Police in northwestern Pakistan have launched a manhunt for suspects, together with a Muslim professor, accused of killing a colleague from the minority Ahmadiyya sect following arguments on faith, officers mentioned.
On Monday, two males in Peshawar metropolis shot useless Naeemuddin Khattak, who held a doctorate in zoology and was a instructor at a university, police officer Ashoor Khan informed the dpa information company on Tuesday.
Khattak’s brother informed police a Muslim professor from one other school with whom the 56-year-old sufferer had heated arguments on faith shot him, Khan mentioned.
“We’re raiding attainable hideouts to arrest the suspect,” the police officer mentioned.
The incident occurred two months after a Pakistani-American man who belonged to the Ahmadiyya sect was shot useless inside a court docket throughout his trial below Pakistan’s blasphemy regulation.
The US State Division criticised the killing, urging Pakistan to repeal such legal guidelines to forestall crimes triggered by spiritual hatred.
Pakistan’s 4 million-strong Ahmadiyya group has confronted demise, intimidation and a sustained hate marketing campaign for many years.

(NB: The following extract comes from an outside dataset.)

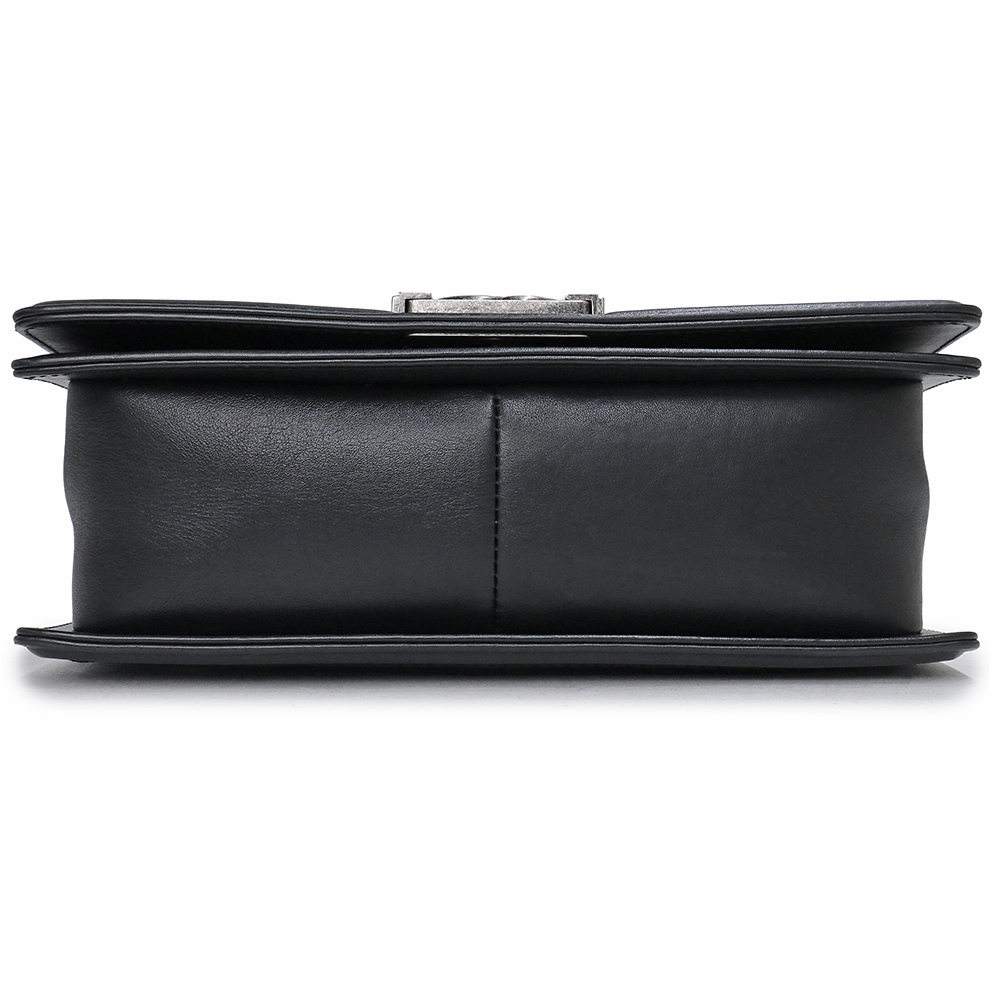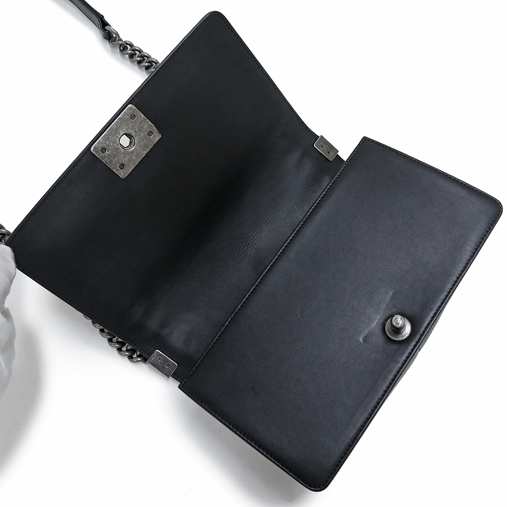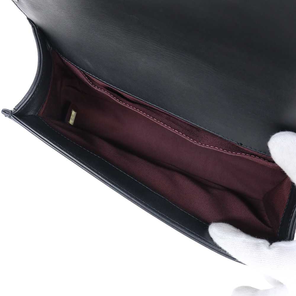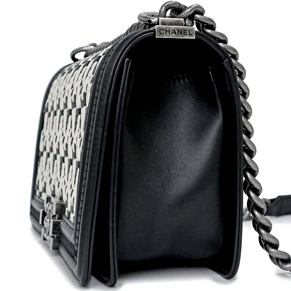 極細レザーを職人の手で丹念に編み込んで表現した幾何学模様がモダンな「ボーイシャネル」。ヴィンテージライクなチェーンの質感がシャープな印象を醸します。マチがしっかりついており、収納力も抜群。長めのチェーンで斜め掛けも可能です。

Ahmadis insist they comply with Islam. Nevertheless, Pakistan declared the group non-Muslim in 1974 for concerning their sect’s founder, Ghulam Ahmad, as a prophet. Orthodox Islam holds Muhammad was its final prophet.
Greater than 260 members of the sect have been killed in gun or bomb assaults since 1984 when the sectarian violence began in Pakistan, in response to statistics compiled by the neighborhood.